57.パパと帰ろう

 『マイク! 来てくれ!』

その声が……やっとそのお許しが聞こえて……

マイクは元より、隼人と達也もドアに詰め寄った!

マイクがドアを開ける!

それに続いて、許可待ちなどお構いなし! 隼人と達也も部屋へ入り込んだ!

「中将!? レイは──大丈夫でしたか?」

マイクが駆け寄ると……

「すぐに──救急隊をもう到着するだろう治療用ヘリに集めてくれ!

それから──『輸血』が必要かもしれないから……

『献血』に協力してくれる隊員を集めてくれ……!

葉月の血液型は……『B型』だ!」

マイクが目にした……父親の腕に抱きかかえられている葉月は……真っ青な顔をしていた。

それに──! その父親が被せた迷彩柄の上着には早くも紅い染みが滲んでいたのだ。

「すぐに──手配します!」

マイクは瞬く間に外に出ていく!

「葉月──!!」

「葉月──!?」

隼人と達也がすぐに亮介と葉月の元に駆け寄って跪いた!

「大丈夫……たぶん……意識を無くしているだけだ」

父親は妙に余裕だったが……

隼人と達也は真っ青に青ざめた!

そんな『大丈夫』だなんて、言われても……目の前の彼女は……

目も開けないし……物も言わない……

むしろ──いつも血色良い透き通った白い肌が……

潤いを無くしたようにくすんで真っ青……。

まるで……そこらに転がっている男3人の遺体と変わりない『死体』に見えないこともない!

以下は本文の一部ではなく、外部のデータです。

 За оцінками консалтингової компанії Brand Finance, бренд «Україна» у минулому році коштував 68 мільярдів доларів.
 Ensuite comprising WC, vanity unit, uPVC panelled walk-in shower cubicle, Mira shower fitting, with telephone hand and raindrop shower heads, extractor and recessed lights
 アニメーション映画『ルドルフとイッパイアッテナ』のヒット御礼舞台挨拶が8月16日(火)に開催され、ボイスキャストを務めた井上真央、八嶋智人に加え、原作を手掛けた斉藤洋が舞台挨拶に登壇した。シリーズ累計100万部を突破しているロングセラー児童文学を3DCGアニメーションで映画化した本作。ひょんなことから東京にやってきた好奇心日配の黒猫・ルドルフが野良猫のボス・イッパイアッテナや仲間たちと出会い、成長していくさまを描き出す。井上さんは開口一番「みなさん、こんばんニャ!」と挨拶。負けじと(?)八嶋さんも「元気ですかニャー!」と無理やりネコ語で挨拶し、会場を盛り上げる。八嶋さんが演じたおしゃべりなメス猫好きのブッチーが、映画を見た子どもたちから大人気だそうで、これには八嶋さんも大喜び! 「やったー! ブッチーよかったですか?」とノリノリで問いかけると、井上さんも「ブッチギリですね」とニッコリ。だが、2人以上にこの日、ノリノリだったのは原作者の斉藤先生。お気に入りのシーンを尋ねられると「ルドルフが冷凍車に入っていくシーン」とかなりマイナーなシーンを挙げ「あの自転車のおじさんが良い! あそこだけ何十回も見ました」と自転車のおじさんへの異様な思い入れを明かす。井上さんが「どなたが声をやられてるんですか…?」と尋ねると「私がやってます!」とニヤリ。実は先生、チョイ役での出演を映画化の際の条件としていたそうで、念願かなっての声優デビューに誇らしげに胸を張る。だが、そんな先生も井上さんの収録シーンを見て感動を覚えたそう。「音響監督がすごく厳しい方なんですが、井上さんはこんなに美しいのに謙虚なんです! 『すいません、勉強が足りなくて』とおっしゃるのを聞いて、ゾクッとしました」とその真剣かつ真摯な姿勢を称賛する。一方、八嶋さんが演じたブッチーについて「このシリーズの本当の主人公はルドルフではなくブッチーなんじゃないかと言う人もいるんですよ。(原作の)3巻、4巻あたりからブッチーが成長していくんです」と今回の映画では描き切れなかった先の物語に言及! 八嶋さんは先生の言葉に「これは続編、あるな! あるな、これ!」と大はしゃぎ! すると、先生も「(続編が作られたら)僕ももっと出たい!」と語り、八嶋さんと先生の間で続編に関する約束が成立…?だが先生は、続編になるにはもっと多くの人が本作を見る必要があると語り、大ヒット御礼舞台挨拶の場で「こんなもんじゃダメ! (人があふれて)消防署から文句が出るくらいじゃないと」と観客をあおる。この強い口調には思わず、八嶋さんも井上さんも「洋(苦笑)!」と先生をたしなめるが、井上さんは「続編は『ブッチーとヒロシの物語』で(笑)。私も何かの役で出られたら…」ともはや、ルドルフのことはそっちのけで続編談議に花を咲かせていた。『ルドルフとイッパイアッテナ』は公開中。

「葉月! おい!! せっかくここまで成し遂げたのにこれで終わりなのかよ!?」

「こら! 葉月! こんな事でへこたれないと思って俺は撃ったんだぞ!?」

隼人と達也が揃って……葉月に向かって叫んだ。

「ふ……ぅ……」

葉月が父親の腕の中……胸の中、息を吹き込むかのように鼻で呼吸をして声を漏らした。

「葉月?」

亮介がそっと……娘の額の栗毛をかき上げると……

「…………」

葉月がそっと茶色のまつげを輝かせながら……瞳を僅かに開けた。

「パ……パ?」

「気が付いたかい? 痛くないか? もう、大丈夫だよ?」

その亮介の微笑みを見て……

何故か隼人と達也は揃って……言葉が出なくなってしまった……。

見たこともない……優しい笑顔だった。

そして──とてつもなく……『男として格好良い』と少なくとも隼人は思ってしまったのだ。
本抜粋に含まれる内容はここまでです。